START INFORMATION
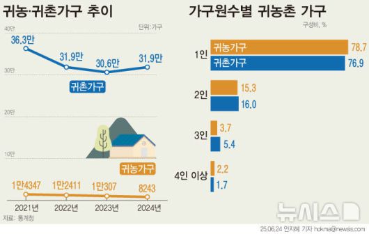 24일 통계청과 농림축산식품부, 해양수산부가 공동으로 발표한 '2024년 귀농어·귀촌통계'에 따르면 지난해 귀촌가구는 31만8658가구로 전년보다 4.0% 증가했다. 귀촌인구도 42만2789명으로 전년보다 5.7% 늘었다.
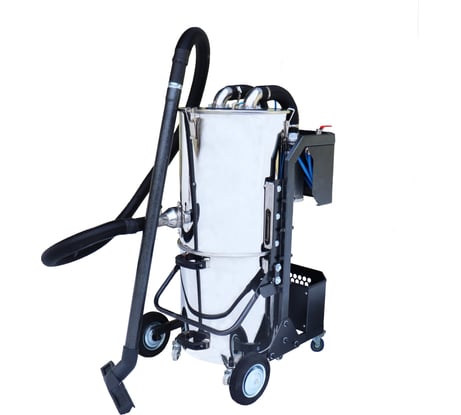 Пылесос с отдельно стоящим циклоном, установлен на одну платформу. Две турбины мощностью 2,4 кВт. Корпус пылесоса изготовлен из стали. Большой бак на колесах. Произведен в России.
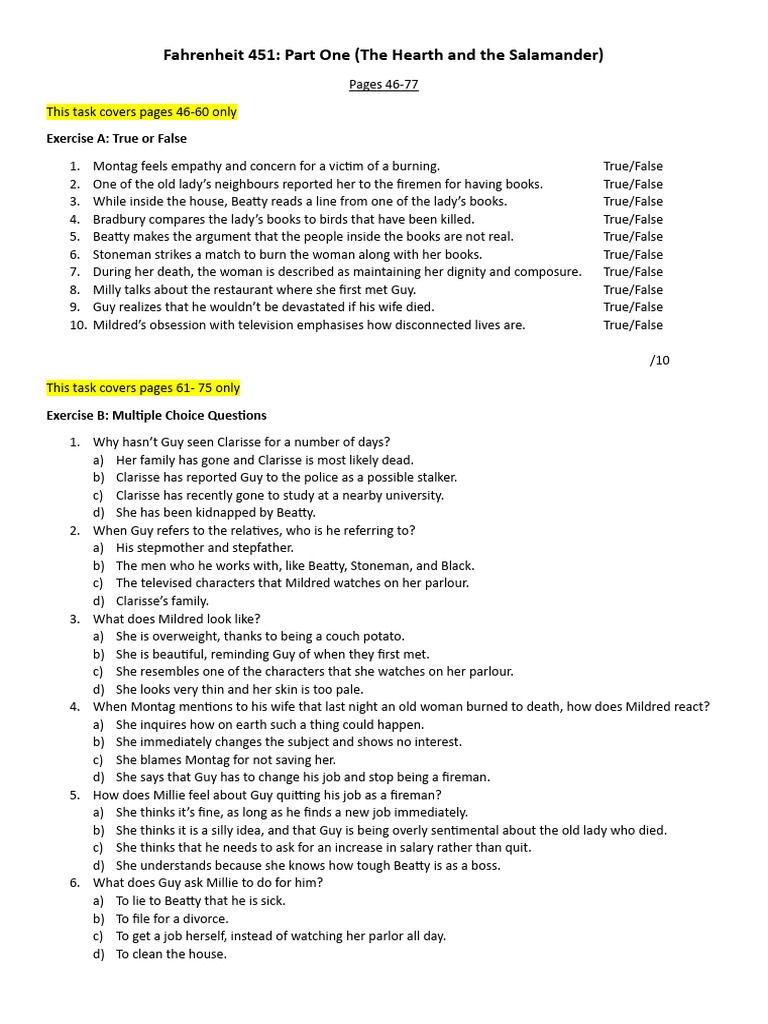 This guide to fahrenheit 451 is designed to provide teachers with resources and activities to introduce themes and activate background knowledge. Our fahrenheit 451 worksheets offer an engaging and insightful exploration of ray bradbury’s classic novel, providing students with the tools they need. You will be scored using the rubric that follows,. It depicts a future american society that prohibits..
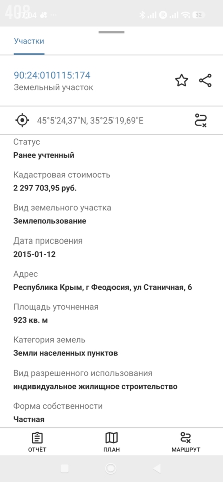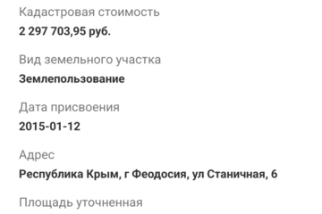 Площадь участка :
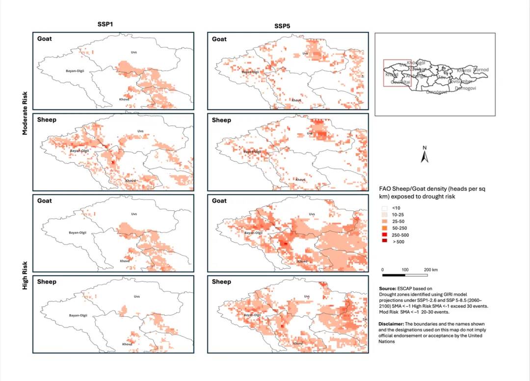 ESCAP drought-exposure modelling shows that the western provinces already face chronic low-to-medium drought intensity, with worsening conditions under future scenarios (Figure 3).
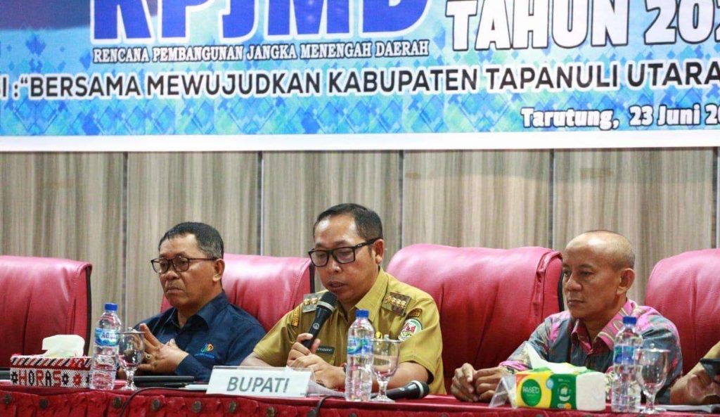 Dalam sambutannya, Bupati JTP Hutabarat menegaskan bahwa penyusunan RPJMD merupakan proses transformasi visi dan misi yang telah disusun pada masa pencalonan menjadi arah dan kebijakan resmi Pemerintah Kabupaten Tapanuli Utara.
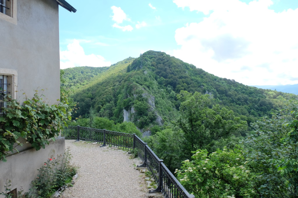 Kapelle und Burgruine Vorbourg liegen hoch über der Klus der Birs, mit Blick auf die Ebene des jurassischen Hauptortes Delémont
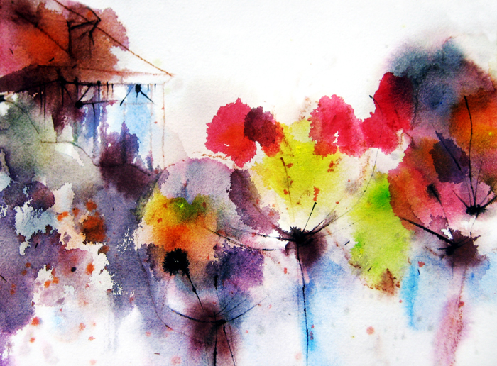 Työskentelimme koko kevään tiiviisti sisätiloissa. Kunnes huhtikuun lopulla pääsin kokeilemaan ulkoilmamaalausta. Istuimme mummorivistönä toppatakit päällä Karhusaaren rannalla tarkkailemassa merta. Navakka tuuli sai aallot välkkymään monen kirjavina. Maalatessa värit kuivuivat niin nopeaan, että kerrosmaalaus onnistui lähes itsestään. Olin oppinut pitämään märkätekniikasta, jossa paperi kostutetaan läpimäräksi. Maalaaminen aloitetaan, kun pinta on jonkin verran kuivunut. Kostea paperi ja runsaan veden käyttö akvarellivärien kanssa saa jatkuvasti aikaan yllätyksiä. Kun niitä oppii hyödyntämään, lopputulos voi olla hyvinkin hieno. Tosin se monesti aivan erilainen kuin aikomus on ollut. Toisin kuin olin kuvitellut, akvarellimaalausta voi jatkaa kerroksittain. Kuiva työ kostutetaan ja parhaimmillaan värikerrokset kuultavat toistensa läpi.
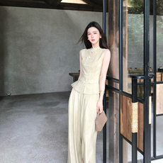 木子李的李新中式立领盘扣收腰棉麻马甲上衣垂感阔腿长裤套装女夏
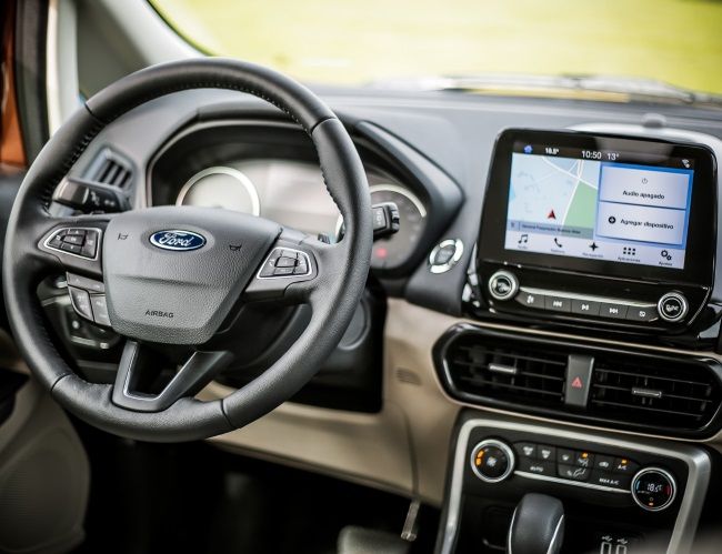 Adicionalmente, la Nueva Ecosport presenta un cluster totalmente re-diseñado, incorporando una pantalla color de 4,2” para las versiones Freestyle y Titanium; nuevo diseño y ubicación de los controles y salidas de aire; puertos USB; renovado diseño de volante con distintos tipos de comandos; y una nueva consola central con apoya brazos. En su versión Titanium, ofrece como novedad tapizados de cuero color claro.
END INFORMATION
### WHAT TO WORK ON
Copy word for word the span of the records above that begins at the line with "This guide to" and ends at the line with "Dalam sambutannya, Bupati", including those two lines but not the pictures.

### TASK ANSWER
 This guide to fahrenheit 451 is designed to provide teachers with resources and activities to introduce themes and activate background knowledge. Our fahrenheit 451 worksheets offer an engaging and insightful exploration of ray bradbury’s classic novel, providing students with the tools they need. You will be scored using the rubric that follows,. It depicts a future american society that prohibits..
 Площадь участка :
 ESCAP drought-exposure modelling shows that the western provinces already face chronic low-to-medium drought intensity, with worsening conditions under future scenarios (Figure 3).
 Dalam sambutannya, Bupati JTP Hutabarat menegaskan bahwa penyusunan RPJMD merupakan proses transformasi visi dan misi yang telah disusun pada masa pencalonan menjadi arah dan kebijakan resmi Pemerintah Kabupaten Tapanuli Utara.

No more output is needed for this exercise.